Laser breakthrough to boost applications in cutting-edge tech

A breakthrough in laser technology from the University of Glasgow could pave the way for more compact, cost-effective, and easily manufactured optical and quantum devices. Researchers have developed a narrow-linewidth laser on a single microchip, achieving the highest performance ever recorded for its class of semiconductor lasers.

The new system, dubbed the ‘topological interface state extended laser with optical injection locking’ (MOIL-TISE), marks a significant advance in monolithic distributed feedback (DFB) laser technology. It produces laser light with a linewidth of just 983Hz — far narrower and purer than the MHz-range linewidths typical of current monolithic DFB lasers. This level of spectral purity is crucial for applications requiring highly stable beams with minimal frequency fluctuation.

Historically, achieving such performance required hybrid integration and bulky external components, which limited the practicality of these systems for on-chip applications. The MOIL-TISE laser overcomes these limitations by integrating all components on a single indium phosphide chip, fabricated at the University’s James Watt Nanofabrication Centre.

Dr Xiao Sun, first and corresponding author of the study, said: “The University of Glasgow is unique in the UK in that it is possible to take a project like this from an initial idea to a fully-featured prototype without leaving our campus. The James Watt Nanofabrication Centre enabled us to design, fabricate and test our MOIL-TISE system, dramatically accelerating the research process.”

Micro-ring resonator
The chip’s design divides it into three regions, each with a distinct optical phase, ensuring even light distribution. A micro-ring resonator integrated into the chip allows internal light recycling, which stabilises the laser’s performance and contributes to its exceptionally narrow linewidth.
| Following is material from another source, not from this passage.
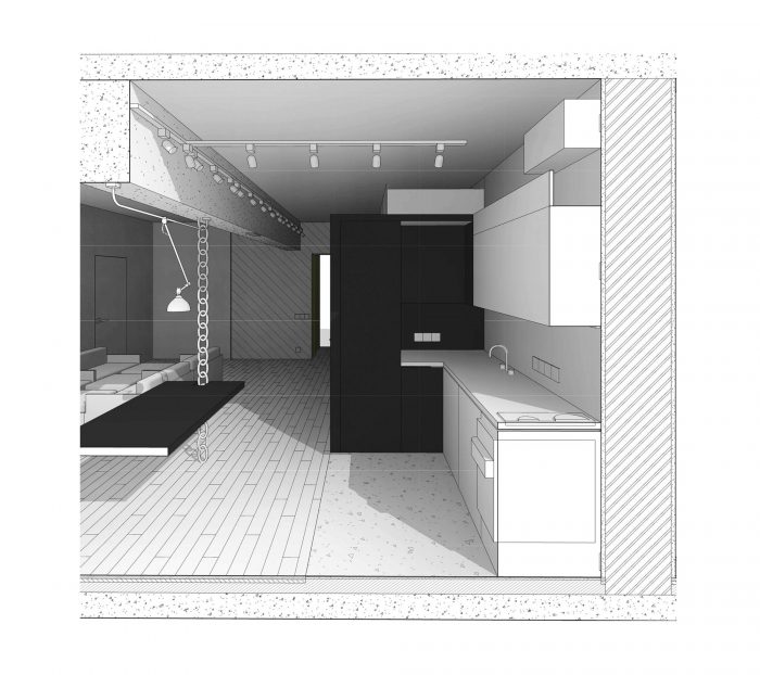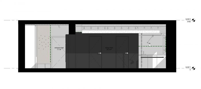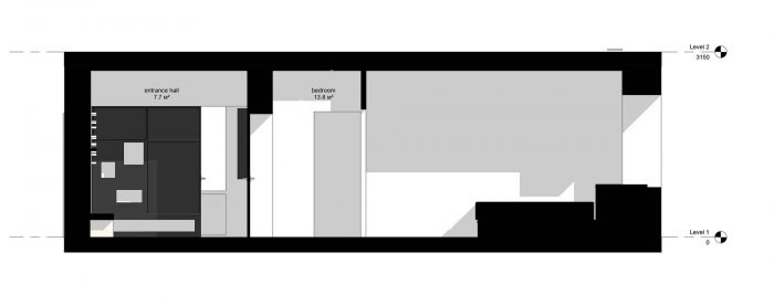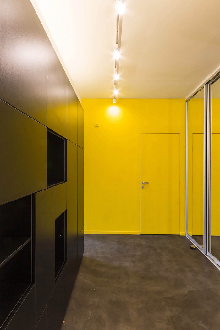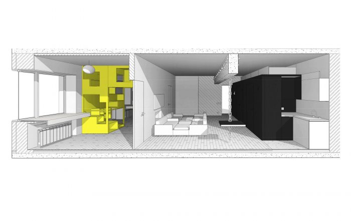 The black cube located to the left from the entrance to the apartment includes a coat and shoes closet, a bathroom, a separte water closet, as well as built-in-cupboards and a fridge from the kitchen area side. The storage cabinets are located at the entresol which could be reached via a portable ladder. The cube is covered with slate black paint and became a center of attraction for children, as they appreciated an opportunity of drawing on the walls as much as they please! The opposite wall is covered with marker paint. This is also a large field for children's creativity!

Professor Lianping Hou, co-corresponding author from the James Watt School of Engineering, highlighted the system’s versatility, said: “Our MOIL-TISE laser makes three significant breakthroughs and improvements in this field. It is the first monolithic device of its kind, with every component integrated on a single chip. It can create a laser with remarkable frequency purity, the highest-ever achieved in a monolithic distributed feedback laser of this kind. It is also capable of easily switching between optical phases, a property required in the quantum key distribution systems which will underpin the unbreakable encryption and communication devices of the future.”

The research was supported by the University’s Critical Technologies Accelerator (CTA), funded through the Glasgow City Region’s Innovation Accelerator programme. The team’s findings are detailed in the paper ‘Narrow-linewidth monolithic topological interface state extended laser with optical injection locking’, published in Science Advances.